Repeat the listing below word for word, minus the pictures.

Recorded data >>
━━━━━━

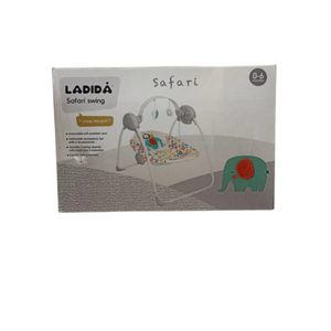 Ladida Baby Swing-6 Classic Melodies-5 Swing Speed Modes-5 Point Harness-Removable & Adjustable Toy Bar-3 Months Warranty-Upto 9 Kg-Safari
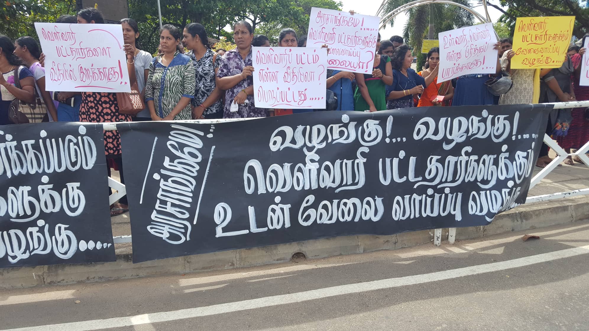 HNDA, மற்றும் வெளிவாரி பட்டதாரிகள் பட்டதாரி பயிலுனர் நியமனத்தினுள் புறக்கணிக்கபட்டமையை கண்டித்தும்,பாக பிரிப்பினையை கைவிட்டு அனைத்து பட்டதாரிகளுக்கும் இவ் ஓருடத்துள் நியமனம் வழங்க வலியுறுத்தியும் மட்டக்களப்பு வேலையற்ற பட்டதாரிகள் சங்கம் மற்றும் பாராளுமன்ற உறுப்பினர் அமல் தலமையிலான முற்போக்கு தமிழர் அமைப்பு போன்றவற்றின் ஒழுங்குபடுத்தலில் (27.07.2019) காலை 9.00 மணிக்கு மட்டக்களப்பு காந்தி பூங்காவில் ஆர்ப்பாட்டம் ஒன்று இடம்பெற்று வருகின்றது.
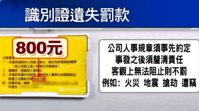 至於這家專櫃在截稿時仍沒有針對罰款的事回應,而勞工局解釋,在公司識別證遺失罰款上,公司人事規章須事先約定,事發之後也必須釐清責任,客觀上無法阻止,例如發生火災、地震毀損或是遭到搶劫或是被偷走,有報案記錄也是不可以處罰,像自己遺失就得付出罰款。
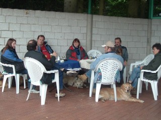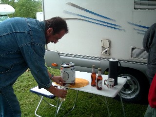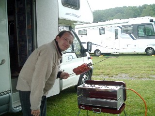 währenddessen gemütlich unterm Vorzelt des Nachbarwohnwagens Kaffee

━━━━━━

Response to the exercise >>
 Ladida Baby Swing-6 Classic Melodies-5 Swing Speed Modes-5 Point Harness-Removable & Adjustable Toy Bar-3 Months Warranty-Upto 9 Kg-Safari
 HNDA, மற்றும் வெளிவாரி பட்டதாரிகள் பட்டதாரி பயிலுனர் நியமனத்தினுள் புறக்கணிக்கபட்டமையை கண்டித்தும்,பாக பிரிப்பினையை கைவிட்டு அனைத்து பட்டதாரிகளுக்கும் இவ் ஓருடத்துள் நியமனம் வழங்க வலியுறுத்தியும் மட்டக்களப்பு வேலையற்ற பட்டதாரிகள் சங்கம் மற்றும் பாராளுமன்ற உறுப்பினர் அமல் தலமையிலான முற்போக்கு தமிழர் அமைப்பு போன்றவற்றின் ஒழுங்குபடுத்தலில் (27.07.2019) காலை 9.00 மணிக்கு மட்டக்களப்பு காந்தி பூங்காவில் ஆர்ப்பாட்டம் ஒன்று இடம்பெற்று வருகின்றது.
 至於這家專櫃在截稿時仍沒有針對罰款的事回應,而勞工局解釋,在公司識別證遺失罰款上,公司人事規章須事先約定,事發之後也必須釐清責任,客觀上無法阻止,例如發生火災、地震毀損或是遭到搶劫或是被偷走,有報案記錄也是不可以處罰,像自己遺失就得付出罰款。
 währenddessen gemütlich unterm Vorzelt des Nachbarwohnwagens Kaffee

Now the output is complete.